The last free summer I was ever going to have. That was my line of thinking going into the summer break between junior and senior year. I wanted to relax. I needed to destress and not focus on what chaos I'd seen just a few short months ago. I wanted to have the season open, as open as I could get it. But the rules still applied. I could only be off campus for a week at a time, before coming back to the campus to check in.

(For what it's worth, yes, for a while I did suspect that we were being treated with chemicals via food, water or oxygen, but I spent a good part of the first month of my last summer break disproving that. We tested the air in our dorm rooms, we installed air purifiers, we avoided the cafeteria food for a month, and we only drank bottled water that we bought ourselves. And we tested our body's chemistry regularly. For anyone who asked, we passed it off as a training regimen that Julia was going through and told everyone that we were doing it with her as an act of solidarity. But we found nothing. That said, my current line of thinking is that whatever chemicals we were exposed to, it was during our freshman year, and had had years to settle into our systems.)

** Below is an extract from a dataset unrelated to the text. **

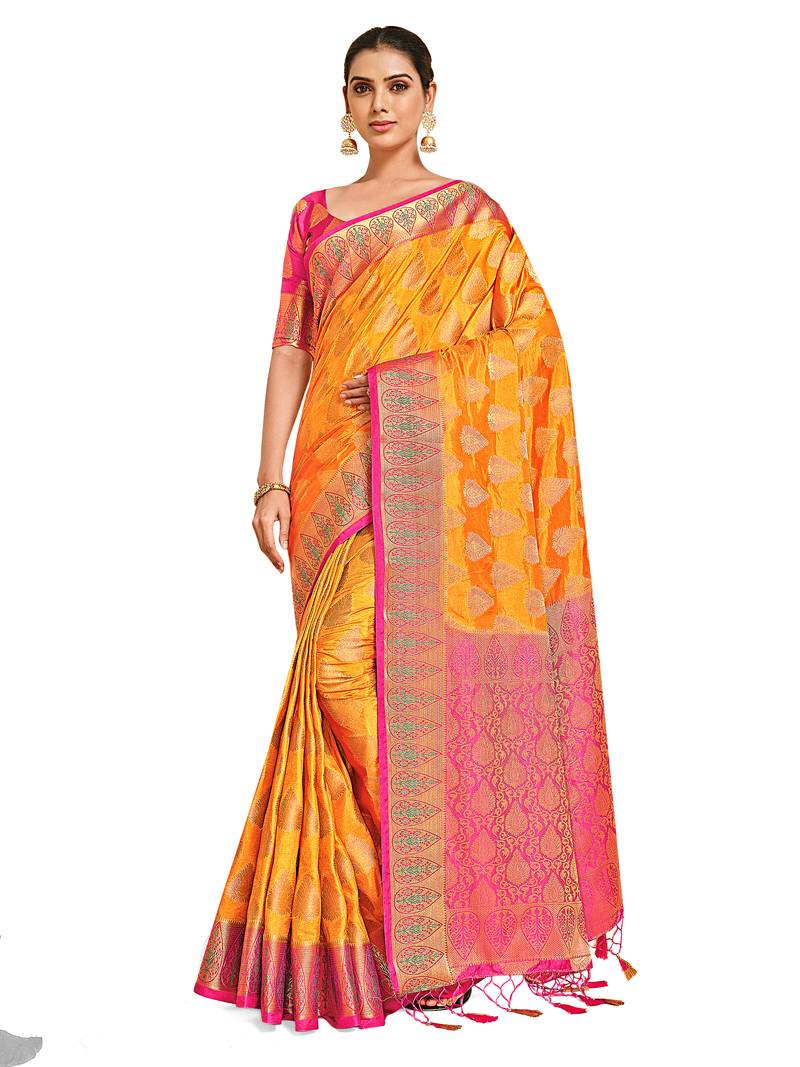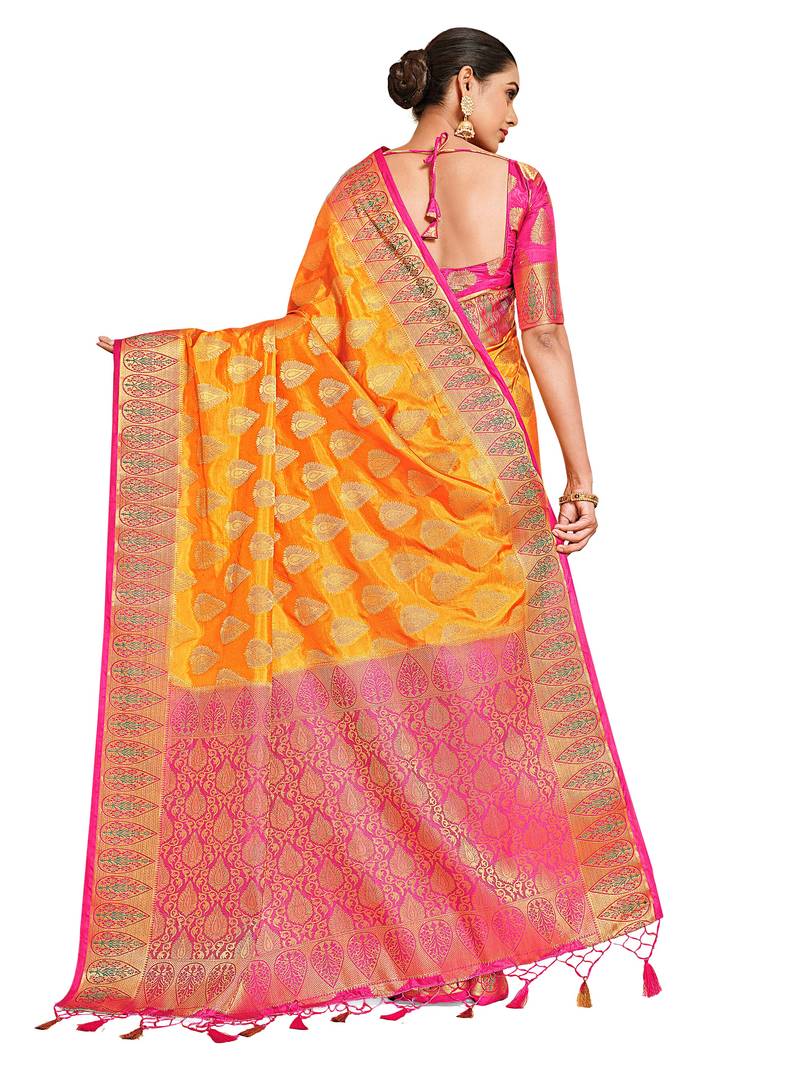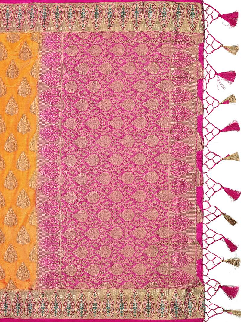 | Product Description | Mustard Color Traditional Saree, With Woven Zari Butty All Over With Meena Woven Motif Border, Has Zari Woven Border And Pallu And Tussel Work At The End , Comes With P Ink Color Contrast Unstiched Brocade Blouse (Attached At The Last Of Saree) |

In early July, however, I was sent an email inviting me to go to Dr. Igarashi's office, and I can tell you, I was definitely nervous as all hell. I'd gotten very good at controlling my body's subtle tells and giveaways, but not even the most accomplished of us is perfect, and I knew that if the Doctor suspected that I was aware she'd been involved in the death of Will Bierko, and possibly several others, I would join them in their concrete pillar tombs.

All the girls offered to go with me, but I told them if they all showed up, we were only going to look even more suspicious, so I decided to take just Chelsea with me, since she was easily the best of the three at keeping my emotional side in check. So, on a Monday afternoon, the two of us went to visit the Doctor in her office.

I'd been to Dr. Igarashi's office several times over the years, and each time, it seemed like it got a little bigger, a little more ostentatious, a little more preening, as if her success was being translated into comfort and wealth around her for display. I found it a little telling, but of course I kept that insight to myself. I figured pointing out that the young and hungry Doctor who had recruited me to her college had gotten a touch lax and self-indulgent to her face would've only gotten me in the very trouble I was working to avoid.

The furniture, the views, the artwork - each time I came to see her, it all got a little bit more pretentious, public focused rather than for the simple joys of things. It was less and less of her on display and more and more of the image she wanted to portray. Still, I couldn't tell how much of herself she was losing to the false front she was wearing for the edification of those she brought here.

"Hello, Doctor," I said to her with a smile. "I'm sure you remember my emotional partner, Chelsea."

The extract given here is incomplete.